What a strange time for the Internet.
Trump tried to take on Twitter. Then Twitter took down Trump, as did almost every other social media platform.
It’s an ongoing tug of war between corporations and governments over who gets to control and moderate the free flow of information, ideas, and speech online.
But who made these guys the boss of the web?
Most of us experience censorship in some form or another. Sometimes we just call it geoblocking (thanks for nothing, Netflix…).
But this is more of an inconvenience, it’s a violation of our human rights.
In some parts of the world, like in Uganda, governments can authorize a complete internet shutdown to aid their own political agendas. Imagine living without the internet for a whole day. How about months?
Whether it’s big tech or ruling dictators, there should be no way for someone to just flip a switch and deny you access to the web.
Many people (including Twitter’s own CEO) believe that corporate censorship sets a dangerous precedent.
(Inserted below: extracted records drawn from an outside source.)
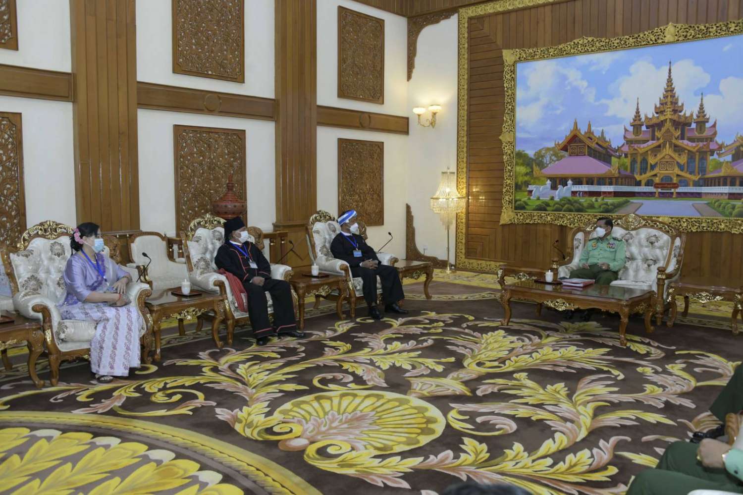 နိုင်ငံတော်စီမံအုပ်ချုပ်ရေးကောင်စီဥက္ကဋ္ဌ တပ်မတော်ကာကွယ်ရေးဦးစီးချုပ် ဗိုလ်ချုပ်မှူးကြီး မင်းအောင်လှိုင်သည် ပအိုဝ်းအမျိုးသားလွတ်မြောက်ရေးအဖွဲ့ချုပ် (PNLO)ဥက္ကဋ္ဌ ခွန်သူရိန်၊ လားဟူဒီမိုကရက်တစ်အစည်းအရုံး(LDU)ဥက္ကဋ္ဌ ကျောဆော်လမွန်နှင့် ရခိုင်ပြည် လွတ်မြောက်ရေးပါတီ (ALP) ဒုတိယဥက္ကဋ္ဌ စောမြရာဇာလင်းတို့ ဦးဆောင်သည့် ငြိမ်းချမ်းရေး ကိုယ်စားလှယ်အဖွဲ့အား ယနေ့နံနက်ပိုင်းတွင် နေပြည်တော်ရှိ ဘုရင့်နောင်ရိပ်သာ ဧည့်ခန်းမဆောင်၌ တွေ့ဆုံ၍ ငြိမ်းချမ်းရေးဆိုင်ရာ ကိစ္စရပ်များ ဆွေးနွေးသည်။
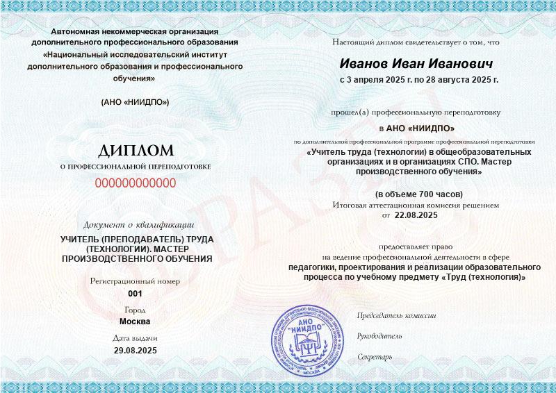 Учитель труда (технологии) в общеобразовательных организациях и в организациях СПО. Мастер производственного обучения (700ч)
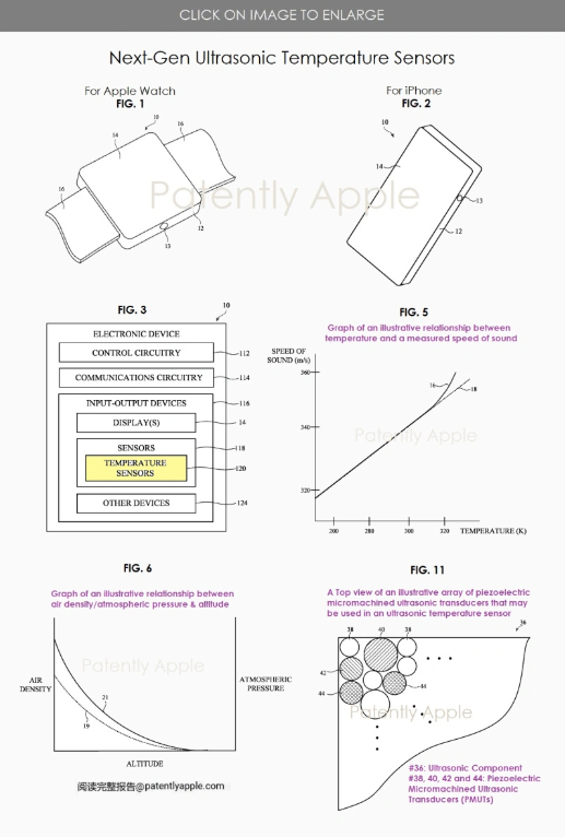 專利文件中還展示了該溫度傳感器的可能應(yīng)用場(chǎng)景,包括安裝在Apple Watch和iPhone等設(shè)備上。此外,專利圖還詳細(xì)解釋了傳感器的工作原理、溫度與聲速之間的關(guān)系、空氣密度與大氣壓強(qiáng)對(duì)海拔的影響,以及壓電微機(jī)械超聲波換能器陣列的構(gòu)造等。
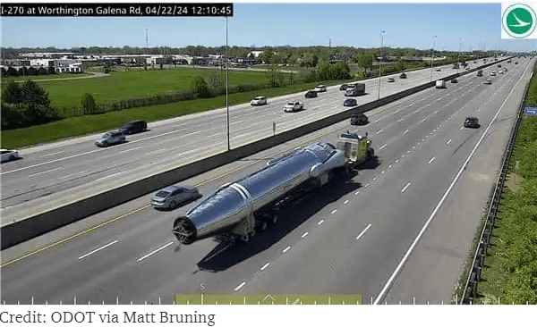 An unusual sight caught the attention of many on Ohio's interstates this past Monday—a rocket being transported on a flatbed truck from Copley to Dayton. The journey of the spacecraft was documented by traffic cameras, capturing a spectacle not commonly seen on the road.
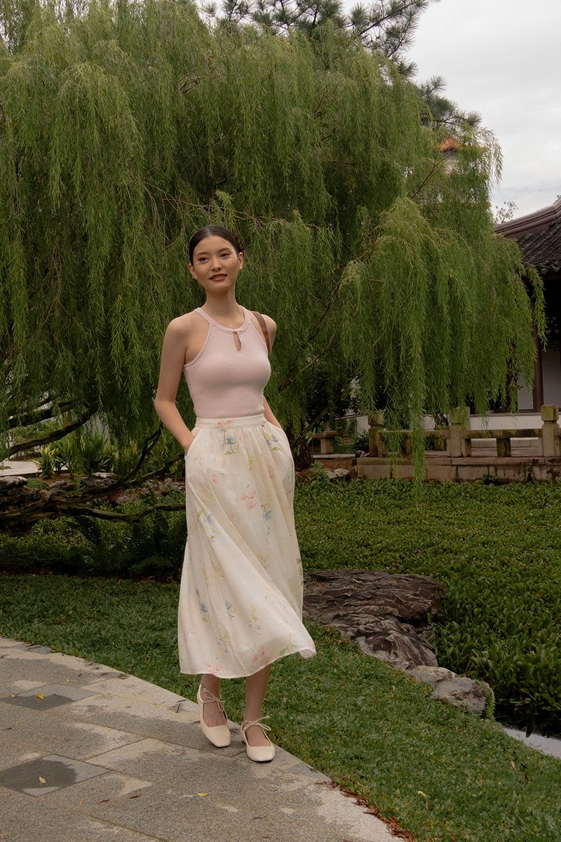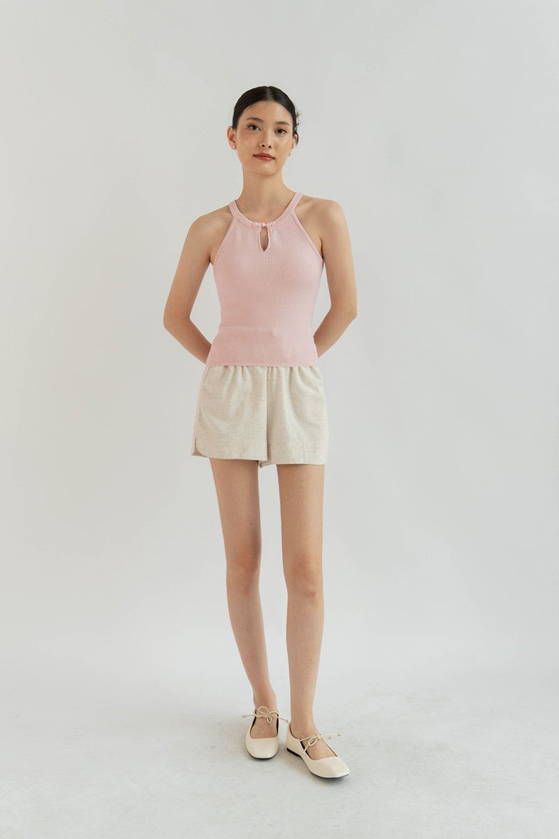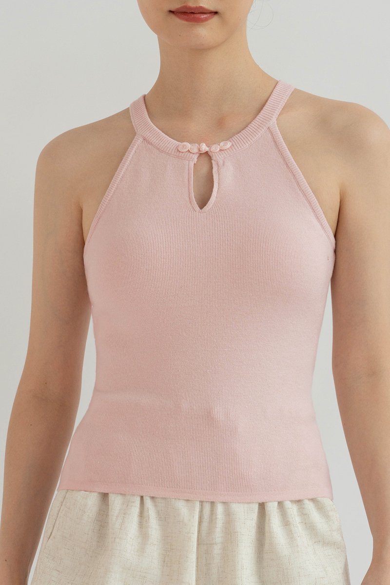 YAN MANDARIN COLLAR CHEONGSUM KNIT TOP (PADDED) SWEETPEA PINK

Hate speech and inciting violence are inexcusable and intolerable, we can all agree. Yet normalizing the behaviour of businesses to set the social standards for freedom of expression is a slippery slope.
This new ownership model for internet infrastructure would drastically change the way we not only run it - more accessible, secure and free - but the ways we prevent things like dangerous hate speech.
We need to protect the internet. It’s the home of free information and expression. It’s also the home of cat videos, memes, Wikipedia, and of course, HackerNoon.